Obtain with CodecBufferSpec.ofSize(..)
specifying the buffer sizes in bytes or opt in for the
default sized one using CodecBufferSpec.ofDefaultSize()
.
Certain types of java.io
streams can be excluded by means of withXXXStreamExclusions(..)
or addXXXStreamExclusions(..)
instance calls.
Based around plain byte arrays which is useful for single value operations.
Note: default implementation is suboptimal when it comes to IO on large quantities of values because of
the extra object allocations per single operation: use stream-oriented API for such occasions if possible.
public byte[] encode(T value);
public T decode(byte[] in);
Based around java.io
streams and is useful when dealing with large quantities of values.
public EncoderStream<T> wrap(OutputStream os);
public DecoderStream<T> wrap(InputStream is);
EncoderStream/DecoderStream
are a pair of light java.io
stream wrappers handling reads and writes:
public final class EncoderStream<T> implements AutoCloseable, Flushable {
public void write(T input);
}
public final class DecoderStream<T> implements AutoCloseable {
public T read();
}
Standard java serialization function that works for any Serializable object. Use for applications where
serialization performance and footprint size is not a concern.

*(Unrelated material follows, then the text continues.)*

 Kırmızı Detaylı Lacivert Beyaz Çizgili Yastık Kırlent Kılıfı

To lower the footprint apply compression or better still use binary serialization function which yields much
better performance and smallest possible footprint.

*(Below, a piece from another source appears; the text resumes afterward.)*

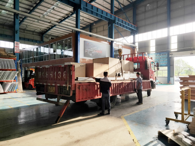 2019年6月11日,山東省青島市惠利加油站訂購的一臺鐳鷹S90風(fēng)干型自動洗車機正在裝車,預(yù)計4天時間設(shè)備可以運抵用戶處。設(shè)備總重量1800Kg,10.8個立方,6件貨。

Obtain with: CodecFunctions.javaSerializing(..)
providing the target Class
.
Ad-hoc binary serialization function comprised of a pair of custom java.io
stream wrappers
StateInputStream /
StateOutputStream featuring convenient API
to read and write most of the standard Java types including collections, maps, arrays, strings and enums.
Supports LEB128 variable-length encoded int
and long
values.
Note: unsigned variable-length ints are used internally to serialize enum ordinals and length values
for contiguous data types (e.g. collections, arrays) helping to yield tiny serialization footprint.

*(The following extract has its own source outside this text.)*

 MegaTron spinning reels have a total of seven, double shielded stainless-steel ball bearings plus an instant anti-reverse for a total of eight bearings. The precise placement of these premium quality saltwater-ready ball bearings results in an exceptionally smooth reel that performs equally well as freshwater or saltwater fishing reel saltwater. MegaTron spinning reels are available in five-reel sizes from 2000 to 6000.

Obtain with: CodecFunctions.binarySerializing(..)
providing a pair of functions for reading and writing the
target type.
E.g. such function implementation for aforementioned Person
pojo would look like this:
CodecFunction<Person> personCodecFunction =
CodecFunctions.binarySerializing(
(out, person) -> out.putString(person.name).putInt(person.age),
in -> new Person(in.getString(), in.getInt())
);
Limitations:
- field reads and writes should be carried out in the exact same order
- null values are not supported
Encryption filter based on a solid AES encryption method with data integrity validation
and cryptographically strong random number generators.
Sensibly configured. Implemented on top of the standard library (java.security
/java.crypto
).
Obtain with CodecFilters.encryptWithAes(..)
providing the 16 byte
secret key (or opt in for a random generated one).
Specs:
- Galois/Counter transformation mode (AES/GCM/NoPadding): streaming AES with data integrity validation
- 128 bit secret key: optimal key length
- 96 bit initialization vector (salt): optimal length, random value is generated per each encryption
- 128 bit authentication tag
Limitations:
When using this filter authentication tag is computed on the fly against the whole stream and is flushed
at the very end when the underlying CipherOutputStream
is closed. So in order to validate the tag the whole payload
should be fully read back (decoded) and then the input stream should be closed triggering the underlying
CipherInputStream
to read and validate the tag from whatever leftover bytes in the stream.